33.2.3. CI Integration Check

All automated verification tools must be integrated into the CircleCI pipeline to run automatically on every commit.

33.2.3.1. Pipeline Configuration Order

The CI pipeline must execute verification stages in the following order.

Order	Stage	Execution Tool	Behavior on Failure
1	Code format check	Spotless, Prettier	Pipeline abort
2	Lint check	ESLint	Pipeline abort
3	Unit tests	JUnit 5, Vitest	Pipeline abort
4	Coverage verification	JaCoCo, Vitest Coverage	Pipeline abort
5	Build	Maven, Vite	Pipeline abort
6	Security scan	OWASP Dependency-Check	Pipeline abort

Each stage executes only if the previous stage succeeds. When a stage fails, subsequent stages are not executed and the pipeline is immediately aborted.

33.2.3.2. CI Check Checklist

The following items must be verified to ensure CI integration is properly configured.

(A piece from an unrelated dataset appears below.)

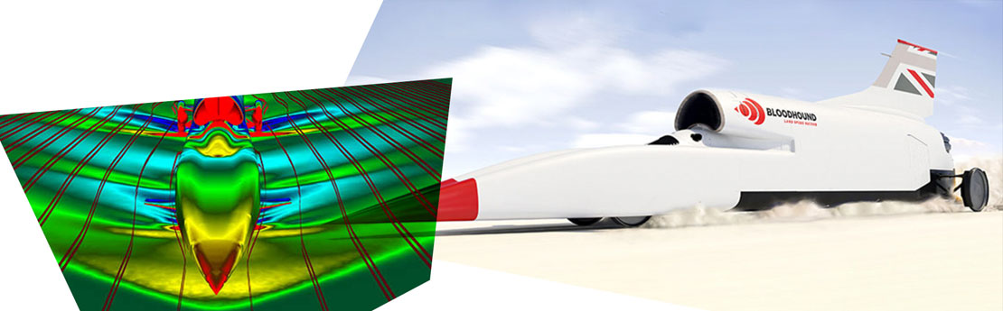Gwnaeth tîm Deinameg Hylif Cyfrifiadurol Prifysgol Abertawe gyfraniad sylweddol at y THRUST SSC gwreiddiol. Lluniwyd dyluniad aerodynamig THRUST SSC gan ddefnyddio FLITE, sef dull oedd yn sicrhau modelu cywir ar y rhyngweithiad rhwng y cerbyd sy'n symud a'r ddaear. Roedd hyn yn caniatáu i efelychiadau awyrofod gael eu cynhyrchu dros nos yn hytrach na rhai misoedd. Mae’r ymchwil ym maes Dynameg Hylifau Cyfrifiadurol (CFD) ar gyfer BLOODHOUND SSC yn cael ei gwneud yng Nghanolfan Zienkiewicz er Peirianneg Gyfrifiadurol.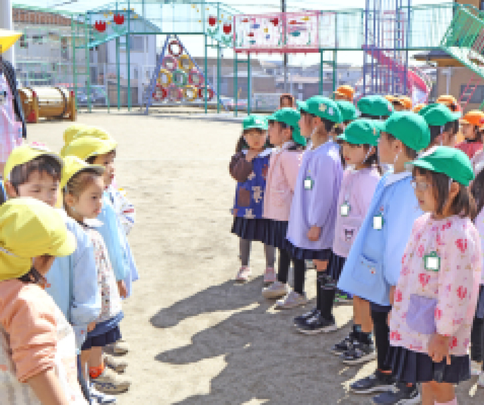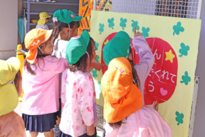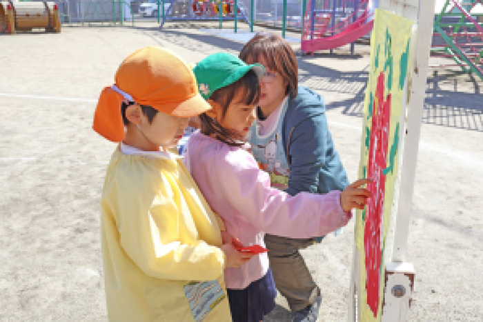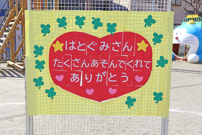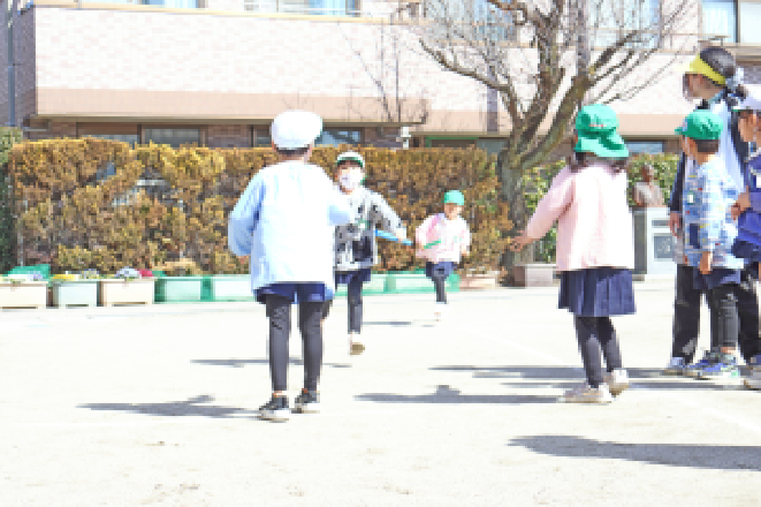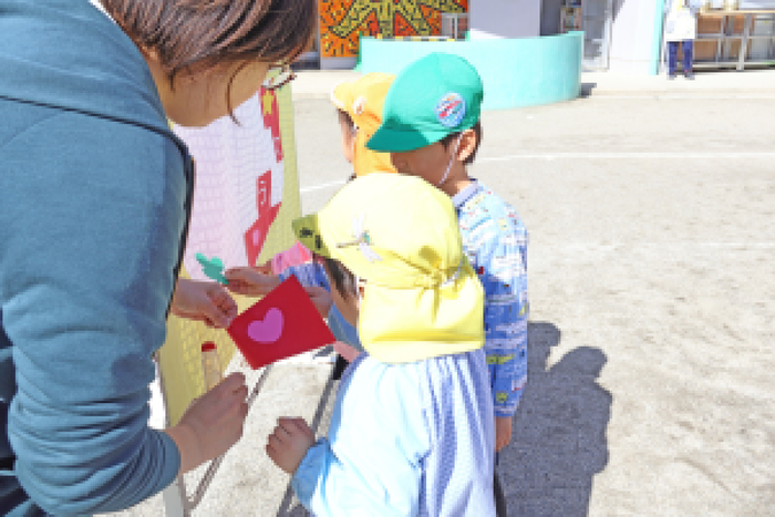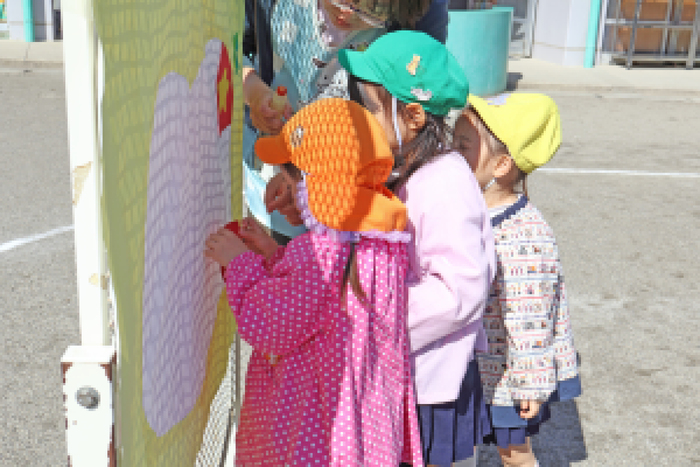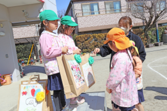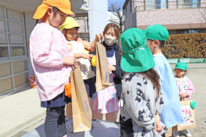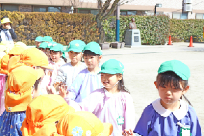 3/5 (木) 園庭にて、『お別れ会』が行われました。当日は天気にも恵まれて、みんなでゲームをしたり、プレゼント交換をして、その後は、園庭でお弁当を食べました。 | ||

• Verify that all verification tools execute successfully in the CI environment.
• Verify that the pipeline aborts when verification fails.
• Verify that coverage reports are saved as CI artifacts.
• Verify that security scan results are output as reports.
• Verify that build success/failure notifications are delivered to the team.

---

33.2.4. Comprehensive Report Generation

A TQS self-assessment report must be prepared by consolidating the execution results of each tool. This report is used as reference material when requesting an audit.

33.2.4.1. Report Contents

The comprehensive report must include the following items.

Item	Content	Source
Project information	Project name, version, technology stack	Manual entry
Code format results	Spotless, Prettier execution results	Tool execution logs
Lint results	ESLint execution results, warning/error counts	ESLint report
Backend coverage	Line/branch coverage figures	JaCoCo report
Frontend coverage	Line/branch coverage figures	Vitest report
Performance/accessibility scores	Lighthouse scores by category	Lighthouse report
Security scan results	Number of vulnerabilities, highest CVSS score	OWASP report
CI pipeline status	Recent build success rate, consecutive success count	CircleCI dashboard

33.2.4.2. Report Preparation Standards

• All figures must be extracted directly from tool execution results. Figures must not be manually adjusted.
• The date of report preparation and the execution environment (OS, tool versions) must be specified.
• If there are non-compliant items, a remediation plan and expected completion date must be stated for those items.
• The report is submitted together with the audit request form. Requesting an audit without a report is possible, but attaching a report can shorten the audit period.